1989 : Adaptation de Valmont pour Milos Forman et de Cyrano de Bergerac pour Jean-Paul Rappeneau.
1990 : Collaboration avec Peter Brook sur Le Mahabharata.
1992 : Publication de La Controverse de Valladolid.
2003 : Publication de Le Cercle des menteurs.
2014 : Oscar d'honneur pour l'ensemble de sa carrière.
2020 : Scénario de Le Sel des larmes pour Philippe Garrel.

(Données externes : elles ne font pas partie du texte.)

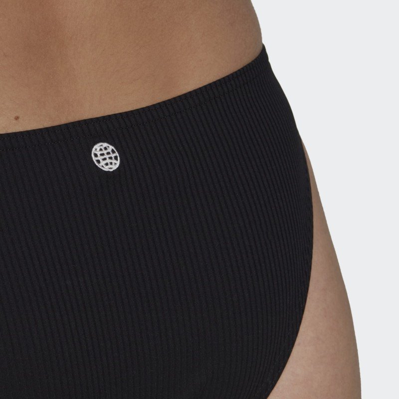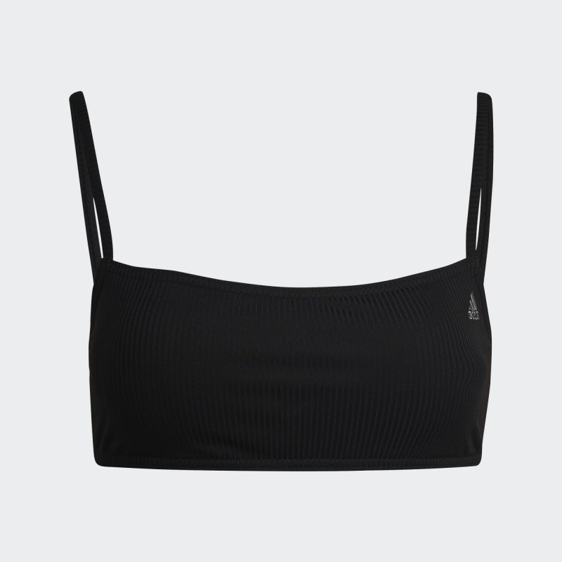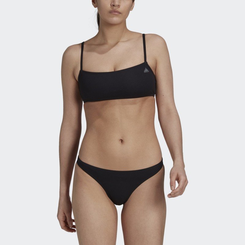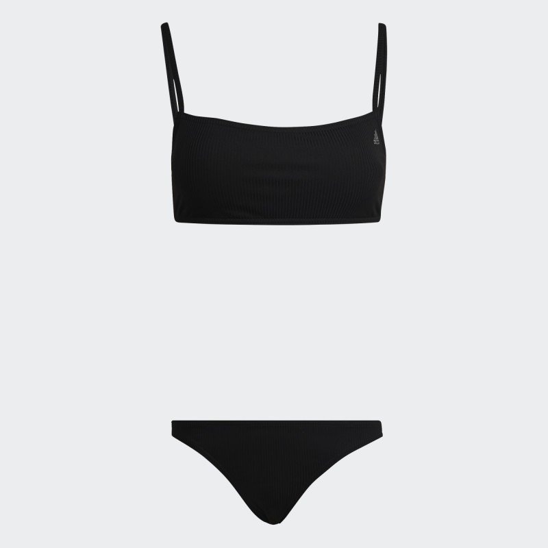 The little black dress never goes out of style. Inspired by the timeless classic, this adidas bikini brings simplicity and elegance to a day at the beach or pool. Ribbed fabric is soft and comfortable. The top has thin shoulder straps and a built-in bra for medium support. Removable pads let you choose your level of coverage. The bikini bottoms have a mid-rise waist. Made with a series of recycled materials, and at least 60% recycled content, this product represents just one of our solutions to help end plastic waste.

Jean-Claude Carrière se marie trois fois. D'abord avec la comédienne Augusta Bouy, avec qui il a une fille, Iris. Puis avec Nicole Janin, originaire du Gard, décédée en 2002, et enfin avec l'écrivaine iranienne Nahal Tajadod, avec qui il a une seconde fille, Kiara, née en 2003. Père à 71 ans, il décrit la naissance de Kiara comme un moment émouvant où il assiste à l'accouchement et donne le bain à sa fille. Il réside principalement à Paris, au pied de Montmartre, dans un hôtel particulier ancien cercle de jeu à Pigalle, où il collectionne livres rares, masques et objets d'art. Attaché à ses racines, il passe ses étés à Colombières-sur-Orb, conservant la maison familiale. Passionné par les religions, l'Inde et l'astrophysique, il engage des dialogues interculturels, comme avec Umberto Eco sur les livres. Engagé dans l'éducation cinématographique, il fonde et dirige La Fémis pendant dix ans, enseignant l'écriture. Il soutient des festivals comme le Printemps des Comédiens à Montpellier et participe à des conférences sur la cosmologie et l'histoire.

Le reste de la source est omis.